In spring 2025, Renewal moved ten 1950s bungalows, constructed of old growth timber and well-cared for, from Port Moody to shíshálh Nation 100 kilometres away by barge, after they had been re-insulated and given energy upgrades by Clean BC. At their new locations, they were placed on foundations with basement suites, creating 17 new housing units. They were the first new homes in shíshálh Nation in ten years.

The “shíshálh Nation: Ten Home Rescue Project” was featured in the French Pavillion at the Venice Architecture Biennale 2025. L-R: Glyn Lewis (Founder & CEO, Renewal Development), – Lewis Landolt, Wesgroup (Development Manager), Elissa Golberg (Ambassador of Canada to Italy), ch’elkwilwet Raquel Joe (shíshálh Nation councillor), Rochelle Jones (shíshálh Nation councillor). Credit: Renewal Development.
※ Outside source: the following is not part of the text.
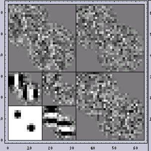 はじめに、2D-FTと2DWaveletの例を挙げる。まずは2D-FTである。![]() | ![]() | ![]() |

So what is stopping a moratorium on demolition and making relocation part of the new normal? “We live in a demolition first paradigm. Culture, behavior, policies, established industry players all stack up in favour of doing the simple anachronistic thing: crunching all these good homes and sending all this material to our local landfills. Companies like Renewal Development are leading a paradigm shift. Through industry-led solutions, research and advocacy we’re trying to force a more circular lens on the demolition epidemic.”

Recently Lewis co-authored a report with Gil Yaron (Managing Director, Circular Innovation) at Light House, Vancouver)  on a report – Home Demolition Waste Prevention: Municipal Action Plan (2025) – that maps out the needed systems change. “From an entrepreneurial standpoint,” says Lewis, “we see so much potential, but need some key adaptations. Given the current form of the policy and construction system we feel limited, a bit frustrated like Steve Jobs. I think that it is Renewal’s role is to revolutionize the industry and be an agent for change.”